Unsupervised Domain Adaptation: To assess our performance for unsupervised domain adaptation, we compare our approach (DA-ADV) to three alternative approaches and present the quantitative results for the CTR estimation in Table 1. The baseline uses the segmentor trained on the source domain directly on the target domain. This corresponds to transfer learning without fine-tuning on the target domain (TL-SEG). The baseline segmentor can be improved by adding a discriminator with an adversarial training scheme (TL-ADV). Finally, we compare with one of the state-of-the-art approaches for domain adaptation, ADDA [14], which trains a segmentation network and then utilizes an adversarial loss to align the source and the target domain feature representations in order to minimize data shift. However, ADDA’s performance is highly dependent on the quality of the segmentation network, which is not robust. We observe that our method outperforms the alternative approaches, providing considerable improvements for CTR estimation. Qualitative results for the predicted segmentation masks and the key points for images from the Wingspan dataset can be seen in Fig. 4. Based on the threshold of 0.5, we predict cardiomegaly with our pipeline and achieve \(87.78\%\) in accuracy, \(97.72\%\) in precision, \(84.21\%\) in sensitivity and \(95.57\%\) in specificity.

Fig. 4.
figure 4

Visualization of the segmentation and key point results for the Wingspan dataset for our proposed domain adaptation method.

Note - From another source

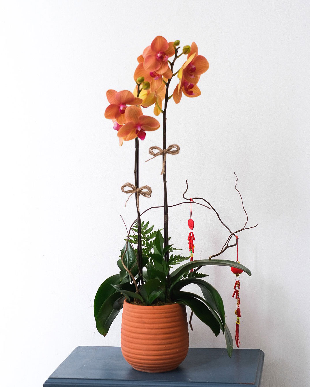 Chậu hoa lan hồ điệp mini hồng 5 cây 2 vòi

Table 2. Results for the semi-supervised segmentation experiments. IoU denotes the Intersection over Union.

Semi-Supervised Semantic Segmentation: As a baseline we train the model respectively on \(10\%\), \(25\%\) and \(50\%\) of annotated data in a supervised manner. As a comparison, we train the model on the whole dataset in a semi-supervised manner, while only portions of the data used in the supervised setting are provided with the labels. Table 2 provides the results of our semi-supervised experiments. Our approach clearly makes use of the unlabeled data, achieving large performance gains. To put our results into perspective and to illustrate the performance that can be achieved when all training labels are available, we also train the model on the fully labeled training dataset.

4 Conclusions

In this paper, we present an approach to unsupervised domain adaptation for the task of CTR estimation that is based on the intuition that prediction masks should be domain independent. Using an adversarial training approach, we show that we can predict cardiomegaly from a dataset without segmentation annotations. We further illustrate how our approach can be adapted for semi-supervised learning.